Image from the film Chappie (Neill Blomkamp) Credits: Flickr / BagoGames

Thousands of scientists specialising in artificial intelligence (IA) have declared their intention not to participate in the development or manufacture of autonomous robots who would be capable of attacking.

Demis Hassabis from Google DeepMind and Elon Musk, chief of SpaceX, are among the 2,400 signatories who have made this pledge, which aims to dissuade military organisation from constructing autonomous lethal weapons, which they believe could pave the way for a new generation of weapons of mass destruction.

Orchestrated by the Boston-based The Future of Life organisation, the pledge calls on governments to agree on standards, laws and rules that oppose and effectively ban the development of killer robots. In the absence of such measures, the signatories pledge to “neither participate in nor support the development, manufacture, trade, or use of lethal autonomous weapons.”

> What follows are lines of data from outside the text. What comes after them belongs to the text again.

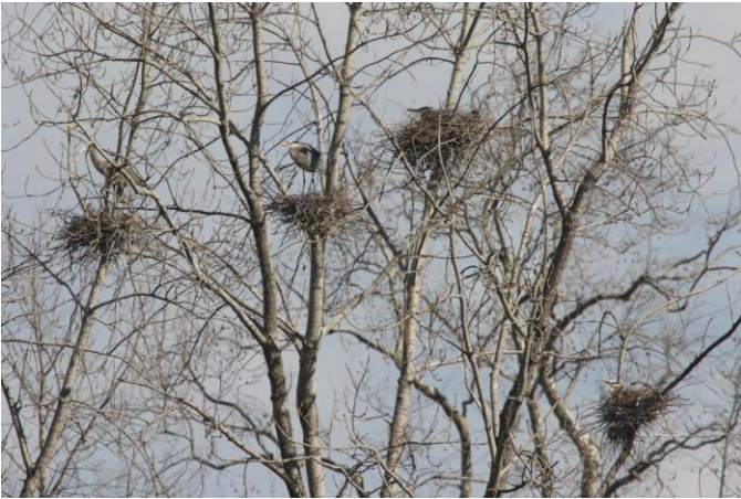
Blue Heron Rookery at Gilmore Ponds
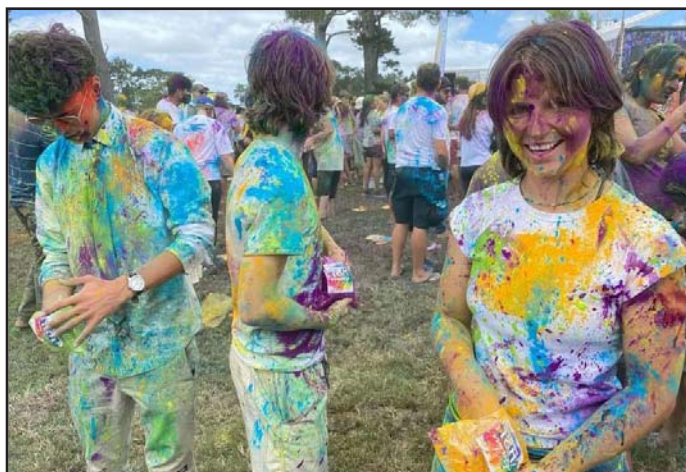
With my friends at the Holi Festival

Whilst still being in the spirit of celebration, the arrival of Helensville's A&P show is creeping around the corner. At Least while I write this. Almost running for 120 years, the A&P show has been the iconic event of Helensville. Acting as the centre of trade and display of arts, crafts and agricultural success. Ever since I was 5 I would always ask my parents the same question, "When is the A&P show?", due to the vibrance it generated and the sense of community it developed. I look forward to attending, with fingers crossed for a blessing of good weather. Without further ado, I want to thank the month of February for the warm memories it has so generously gifted me, and furnishing this year to a good start.
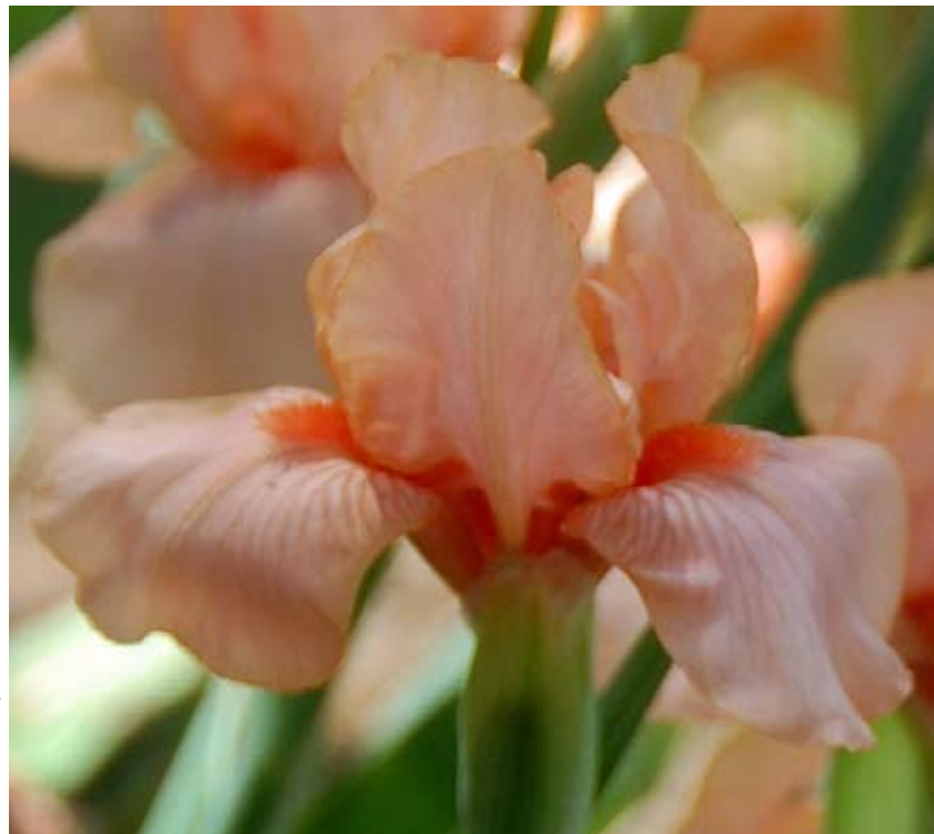
above: 1610

The activists warn that rapid progress in AI suggests that it is now possible to build sophisticated weapons capable of identifying, following and shooting human targets, without the consent of a human supervisor. For many researchers, giving machines the choice over who lives and who dies is a moral line that armies should not cross, or even approach. British ministers have already declared that Great Britain will not develop autonomous lethal weapons, and that its armed forces will always control their weapons.

“We cannot stop a determined person from building autonomous weapons, just as we cannot stop a determined person from building a chemical weapon,” explained one of the signatories, Toby Walsh, AI professor in the University of New South Wales in Sydney, Australia. “But if we don’t want rogue states or terrorists to have easy access to autonomous weapons, we must ensure they are not sold openly by arms companies.”